Functional Assessment with MP-1 Microperimetry
Each patient in this sub-analysis was contacted by telephone about follow-up imaging, and 42 patients consented to microperimetry testing. Retinal sensitivity was measured using the Microperimeter-1 (NIDEK, Vigonza, Italy) in both the study and control eye. The MP-1 protocol used a 4-2 threshold strategy with a Goldman III stimulus (200 ms) to test 33 locations in the central 20°, with a white background and a maximal stimulus of 20 dB. Images were analyzed by measuring mean sensitivity of the study and fellow eyes. In addition, each scan was manually reviewed for focal reductions in sensitivity particularly in the area of DONFL.
Statistical Analysis
All statistical analysis was performed using JMP Pro 12.1.0 Software (SAS Institute, Cary, NC, USA). Fisher’s exact test was performed to determine the association between categorical factors (e.g., choice of surgical instrument) and development of DONFL appearance. The two-tailed t-test was used to determine the association between microarchitectural measurements and development of DONFL appearance, as well as to determine the association between DONFL appearance and mean sensitivity on microperimetry analysis. A P value of <0.01 was considered statistically significant for microarchitectural measurements, and a P value of <0.05 was considered statistically significant for all other tests.
Results
Demographics and Clinical Characteristics
Ninety-five eyes from ninety-six patients were included in the study (Table 1).

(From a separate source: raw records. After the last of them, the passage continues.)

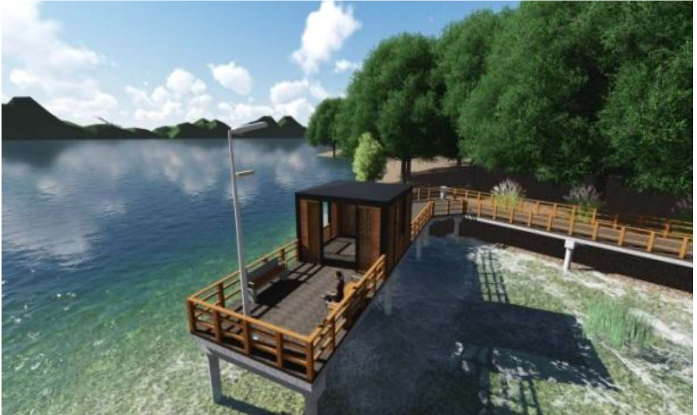
Imagen Objetivo Proyectos de Mejoramiento de Borde Lacustre de Lago Ranco.

El mejoramiento de la actual costanera de Valdivia, la conservación de la Costanera de Panguipulli, la implementación de una nueva costanera en Rio Bueno, Mantilhue y Coñaripe, son algunos de los ejemplos de proyectos.
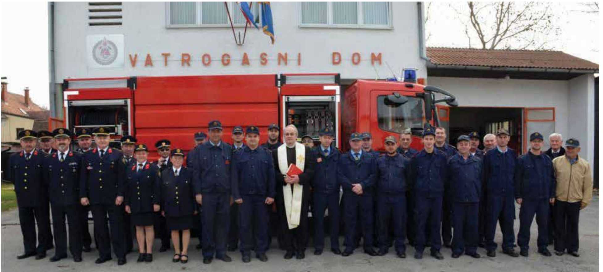
„Neka ovo vozilo putuje s Božjim blagoslovom na korist svih mještana Donje Dubrave!“
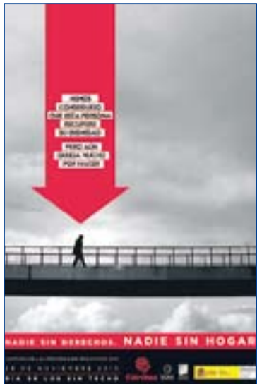
Cartel de la campaña 2010.

En cuanto a nuestra Diócesis, Cáritas cuenta con dos centros: el Centro Padre Cris-
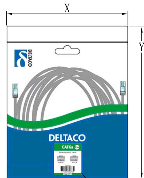
50*57mm barcode label Will be changed by product

NOTES: UNLESS OTHERWISE SPECIFIED (注意: 重點詳細說明)
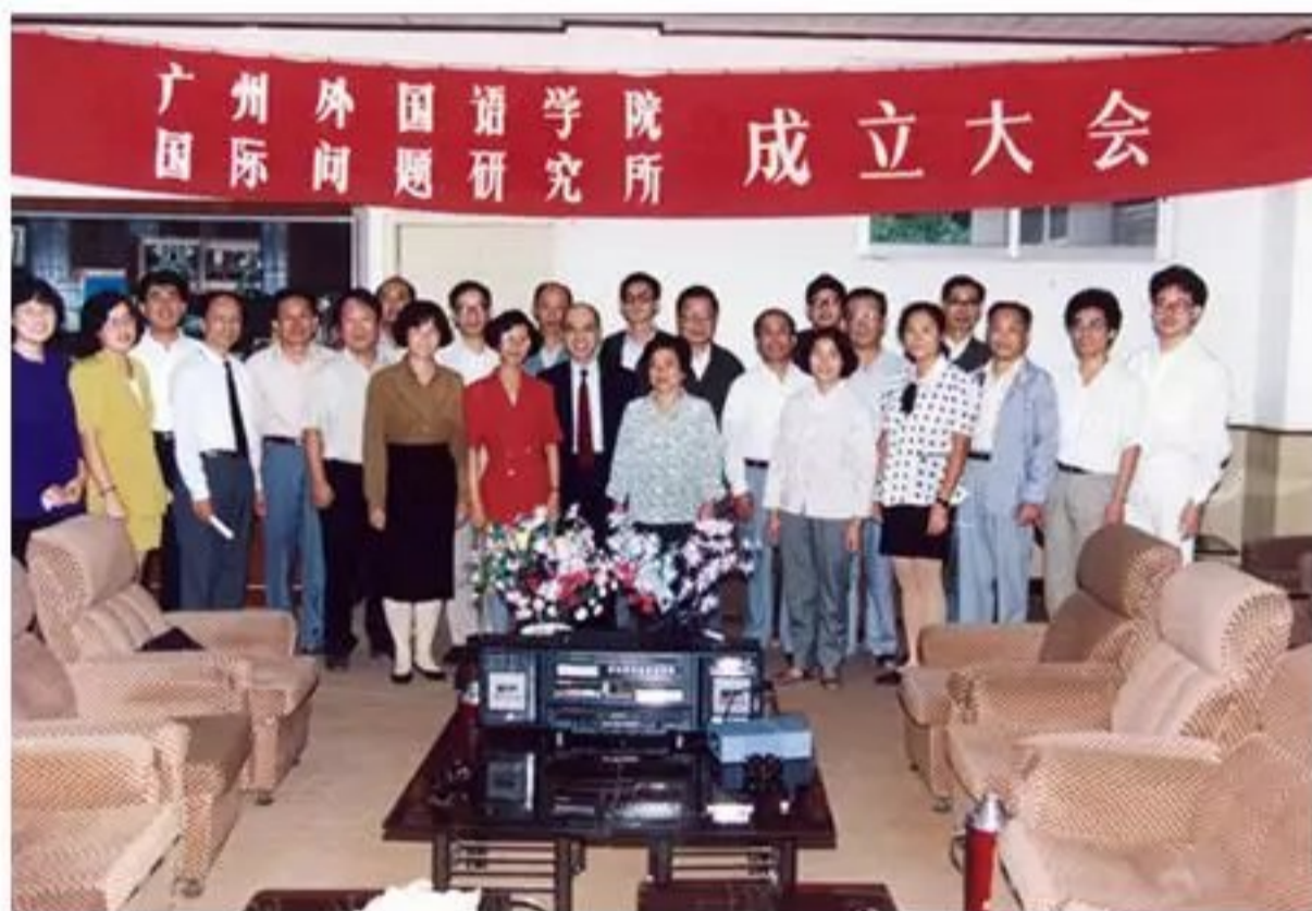
广东外语外贸大学国际关系学院揭牌仪式暨“中美关系与世界权力转移”学术研讨会

国际关系学院现有政治学一级学科硕士点和国际关系、政治学理论、外交学三个二级学科硕士点，其中政治学理论和国际关系为广东省特色重点学科。
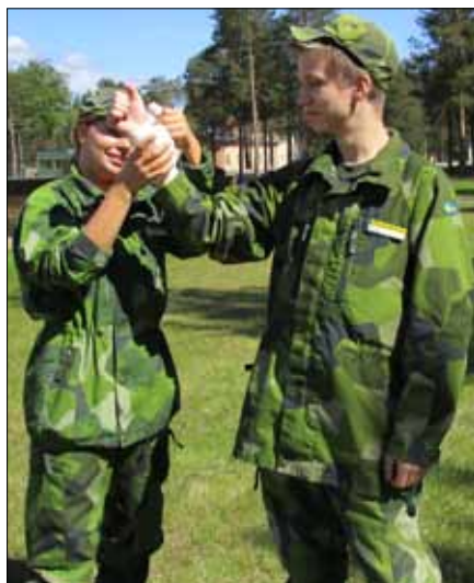
Kunna ta hand om skador, stora som små, övades filtigt på kursen

På tisdagen var det så äntligen dags att få komma ut i skogen och kramas med myggor, för dem var

Preoperative diagnosis included epiretinal membrane (ERM) in 54 eyes (57%), macular hole (MH) in 41 eyes (43%).
Table 1.
Clinical and demographic data of patients undergoing membrane peeling procedures in the PIONEER study.
| Gender | |
| Male | 41 (43%) |
| Female | 54 (57%) |
|
| |
| Age (median) | 67 (Range: 33-86) |
|
| |
| Mean Preoperative Visual Acuity | 20/88 (Range: 20/25-20/2000) |
|
| |
| Lens status | |
| Phakic | 71 (75%) |
| Pseudophakic | 24 (25%) |
|
| |
| Preoperative Diagnosis | |
| Epiretinal Membrane | 54 (57%) |
| Macular Hole | 41 (43%) |
Perioperative Factor Analysis
The OCT-defined prevalence of DONFL at 6 months was 36% (Table 2). DONFL appearance occurred in 13.0% of eyes with ERM and 65.9% of eyes with MH (p = 0.003). In the MH group, forceps-only peeling was performed in 37% (15/41) of cases, compared to 63% (26/41) of cases with combined diamond-dusted membrane scraper and forceps peeling. In the ERM group, forceps-only peeling was performed in 52% (28/54) of cases, and combined peeling was performed in 48% (26/54) of cases. DONFL appearance was identified in 32.6% of eyes with forceps-only peeling and in 38.5% of eyes with combined diamond-dusted membrane scraper and forceps peeling (p = 0.67).
Table 2.
Perioperative factor analysis of patients with and without development of DONFL appearance.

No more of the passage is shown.